I’ve thrown together some notes on building a biodiversity knowledge graph, and in the interests of making it interactive it's in the form of a web page: http://bionames.org/~rpage/towards-knowledge-graph/. There are buttons to click that display live data, and I hope to dd more examples as I flesh out the ideas. I'm hoping to have a fully-functioning live demo that can be used to explore the notion of a knowledge graph and demonstrate what we can do with it. It will be pretty obvious that this is all a bit crude, but my goal is to try and sketch out a fully-functioning system that can create and query the graph, and support interesting applications.

Thursday, March 03, 2016

Cisco Pit Stop: Digitising the Natural History Museum’s collections

Last week (25-26 February) I was in London for CISCO Pit Stop event. Thursday evening was at the Natural History Museum where I gave a talk extolling the virtues of linking stuff together:

My slides are here:

Friday we assembled at the Digital Catapult Centre, which as Sandy Knapp notes, has some amazing views from it's 9th floor.

A group of experts (loosely defined, at least, if they include me in that category) and small businesses (with backgrounds in digitisation, text-mining, publishing, etc.) got together to try and come up with workable ideas where we could marry issues in digitisation and subsequent use of that data with tools and markets. A fascinating experience, although I'm not yet sure what the outcome will be. But it's always useful talking (and listening) to people with very different backgrounds and notions of what matters (and what is possible).

iSpecies meets TreeBASE

I'm continuing to play with the new version of iSpecies, seeing just how far one can get by simply grabbing JSON from various sources and mashing them up. Since the Open Tree of Life is pretty unresolved ("OMG it's full of stars") I've started to grab trees from TreeBASE and add those. Sadly TreeBASE is showing it's age and doesn't have a JSON API, so I had to break my rule of only using HTML and Javascript in iSpecies and I had to write some PHP wrappers to talk to TreeBASE. Now, when you search for a genus or species you may see a list of studies from TreeBASE, and a popup menu where you can select a tree to view.

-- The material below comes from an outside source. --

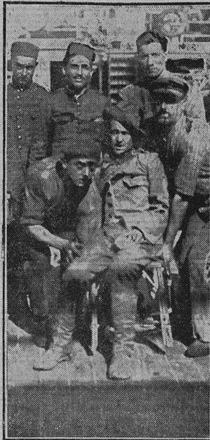
Un soldado es conducido a la embarcación de «Antonio López»

Below is a example (searching for the plant genus Fitzalania). Ispecies treebase

This example shows one reason phylogenies are useful. Although GBIF (which supplies the data for the map) recognises Fitzalania, a recent study in TreeBASE shows that this renders Meiogyne paraphyletic, and so moves the Fitzalania to Meiogyne. Hence GBIF's taxonomy is somewhat behind the current state of knowledge about these plants.

The paper merging these two genra (doi:10.1600/036364414x680825) also shows up in the CrossRef results. Unfortunately TreeBASE doesn't have the DOI for the paper, so linking these two results (the TreeBASE study and the corresponding paper) will require some work. This is another reason why I'm playing with iSpecies: I want to see how many identifiers we can uncover to connect results from different sources, and how many cross links we need to add before it all comes together in a nice linked graph of data.